Our biopsy is not scheduled.  We have a consult with the surgeon in a couple weeks.  Then we'll move on from there to the biopsy.  I'm nervous.  Just typing about it has my stomach in knots.  The pre op is the most nerve racking part.  How long will my toddler not be able to eat or drink.  What will the pre op look like and how uncomfortable might he be.  The unknowns are just horrible.  And all we can do is wait.  So I rarely feel like a failing parent, but in the waiting doubts creep in.

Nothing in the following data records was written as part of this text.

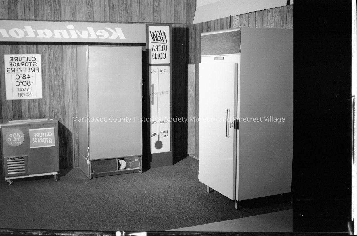 Kelvinator Company, 621 Quay Street Manitowoc, display of specialty refrigerator freezers. Photograph taken on July 15th, 1976.Made/Created
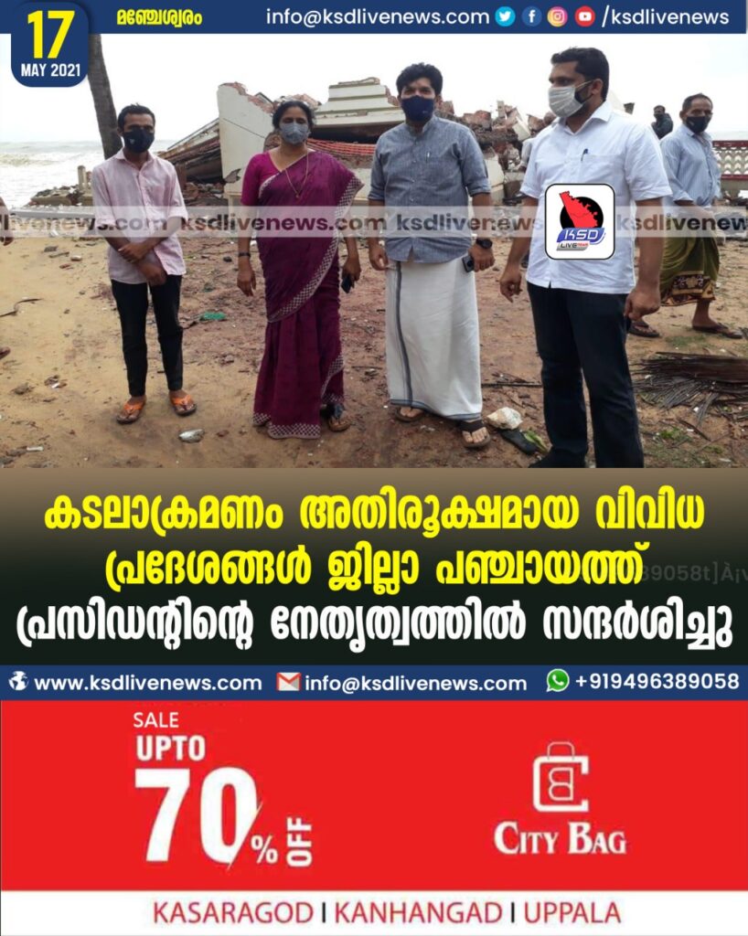 കടലാക്രമണം അതിരൂക്ഷം വിവിധ പ്രദേശങ്ങൾ ജില്ലാ പഞ്ചായത്ത് പ്രസിഡന്റ് സന്ദർശിച്ചു.
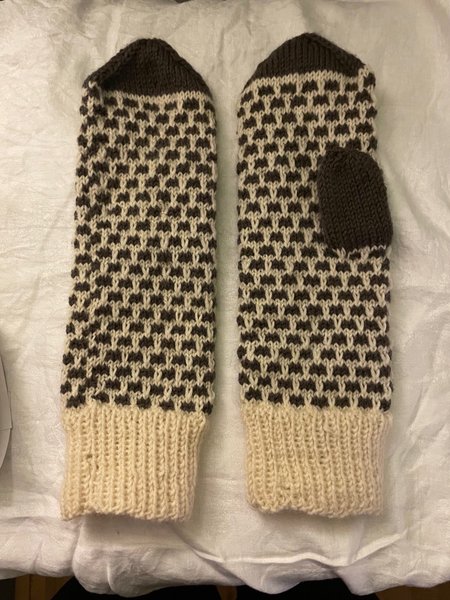 Ett par stickade vantar i ett mönster av mörkbrunt och benvitt. Muddarna är i benvitt och slätstickade. Tummen är mörkbrun.Handsticjade i suoerwash ull. Storlek Herr/Dam
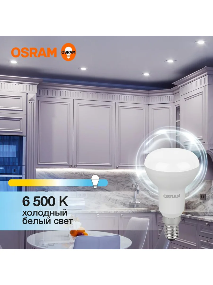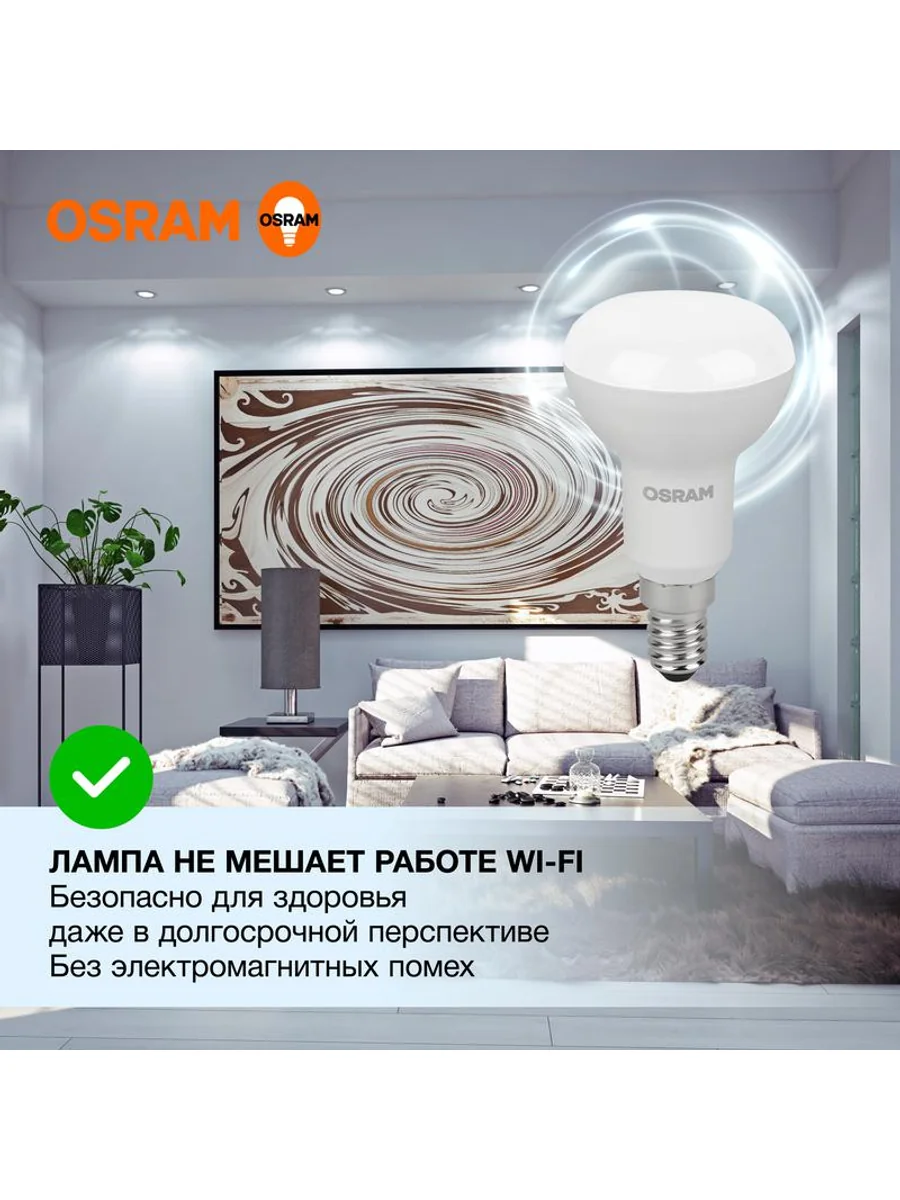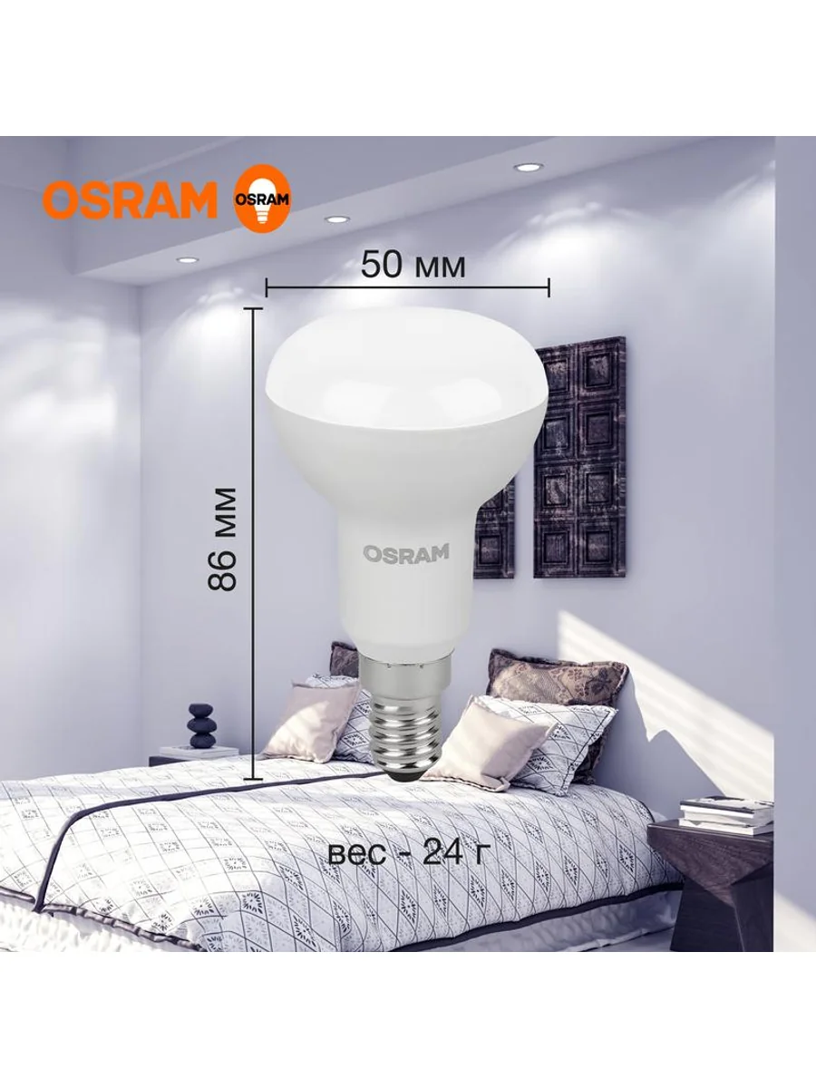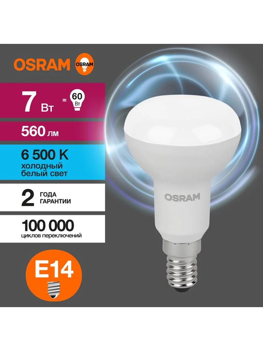 Светодиодные лампы OSRAM - разумная замена традиционным лампам накаливания или галогенным лампам. Светодиодные лампы OSRAM снижают затраты на освещение до 90% при сохранении привычного уровня освещенности. Эта лампа OSRAM серии LED Value выполнена в форме колбы R с цоколем E14. Материал колбы - пластик, исполнение - матовое. Световой поток 560 люмен, что соответствует лампе накаливания на 60 Вт. Это лампа направленного света, что зашифровано в ее названии (R - reflector, рефлектор). Такие лампы давно и успешно применяются для внутреннего освещения с помощью специальных светильников. Эта лампа излучает холодный белый свет, угол пучка - узкий. Качество света на высоте: низкие пульсации защищают глаза, а высокий индекс цветопередачи позволяет видеть мир в его истинном цвете. Кроме того, лампы OSRAM полностью безопасны для здоровья, поскольку в них нет опасных материалов по европейскому стандарту RoHS, а также они не производят вредных электромагнитных излучений, что подтверждено ЭМС (сертификат электромагнитной совместимости). Лампа проработает долго: срок службы - 25000 часов, 2 года гарантии. Светодиодные лампы OSRAM - умный выбор для здоровья семьи и кошелька!
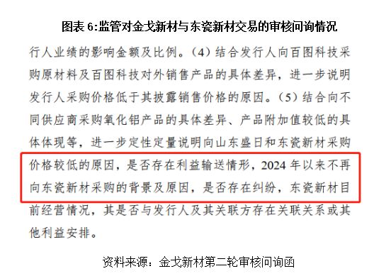 第一轮问询函还披露,如图表4所示,金戈新材向山东盛日(指山东盛日奥鹏环保科技有限公司及其合并范围内公司)和东瓷新材采购的通用型氧化铝,价格较低,理由是“产品附加值较低”。但2024年之后不再向东瓷新材采购,金戈新材在第二轮问询回复中表示自产半成品(型号CF59、CF51)在性能上接近且成本更低,因此主动终止合作,双方不存在纠纷。虽称无纠纷,但采购模式的变动进一步增加了供应链真实性的疑问。
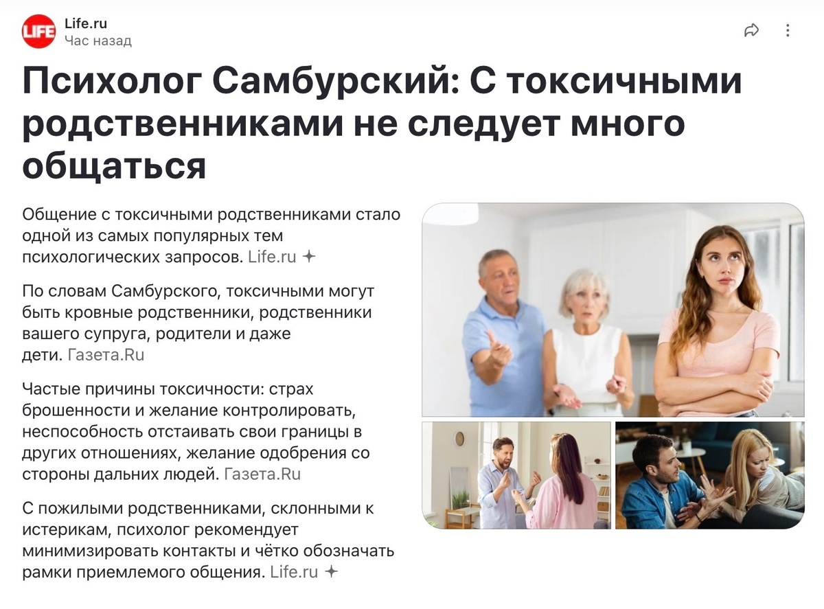 Интервью было одно, а его разобрали сразу LIFE, Газета.ру и Regions- так что я на первой странице Дзена 🧘 Психолог Станислав Самбурский: Общение с токсичными родственниками стало одной из самых популярных тем психологических запросов.

Then.  I read this post.  I love Kelle Hampton's blog.  It's beautiful.  A life that is lived to the fullest.  A life full of ups and downs and surprises.   This post didn't make me mad.  I won't stop reading her blog. I am not a hater.  I'm a lover of what she writes.  It's just this post along with the rest of my baby's situation left me down.  In the post, she discusses the delayed milestones of her daughter with down syndrome.  Her daughter pulled herself up and stood at the coffee table all by herself.  I don't know if they thought this feat was delayed or not.  It just left me down.  My son who is only one month younger than this baby and has no "real" health issues that would cause him to have milestone delays does none of this.  He doesn't crawl.  He will scoot on his tummy but only for a tiny few inches.  He doesn't pull himself up.  He doesn't walk if I hold his hands.  Nothing.  He sits and sometimes will balance forward on his knees to grab something and then sit down.  I want him to move so bad.  My doctor says it's fine.  (Have I mentioned he's wonderful and I trust his judgement?  I do)  He said we would wait and see at his 15 month appointment but there is nothing to worry about.  Really?  Most people kind of laugh and say "That's okay.  I would rather not have to chase after him.  It must be nice that he just stays put".  I guess so.  It's just in the back of my mind, that place that is dark and has low self esteem, I think "They are probably walking away thinking, jeez I wonder why that kid isn't crawling." I feel they are questioning my parenting.  I will laugh with there comments but in the end I think "what could I have done to help him do this?"  Why hasn't he met this milestone?  I know, kids do it on there own.  Many healthy kids don't walk until they are 15 months or even older.  (The Bops walked at 15 months).  It's just that he's not even doing a real crawl.  He barely rolls over.  I know physically there is nothing wrong.  It's just that part of me that thinks someone is putting me or my kid down.  That they are doing that parent competition game in their brain and I lose.

He will crawl, probably soon.  He will walk, because I know he wants to keep up with his brother.  He is healthy, I know because my doctor told me so.  He will be just fine with his little health situation no matter how the results come back because we are blessed with good doctors, good insurance, and a wonderful God.  I just have to know that I am doing my best, but sometimes a little doubt still creeps in.  Even when my baby smiles at me, says "mama juice" or "basketball".  He's smart.  Super smart. Maybe he's just teaching me a lesson of trust and patience and probably most of all belief in myself.  I just hate the doubt of darkness that sometimes comes!

2 comments:

  1. Praying with you. Being entrusted with kids is a scary thing and takes a lot of courage. Those with a lot of self-confidence actually have a false sense of control. He is in HIS hands, not ours. Praying that the doubt of darkness is pushed out by the hope of HIS faithfulness.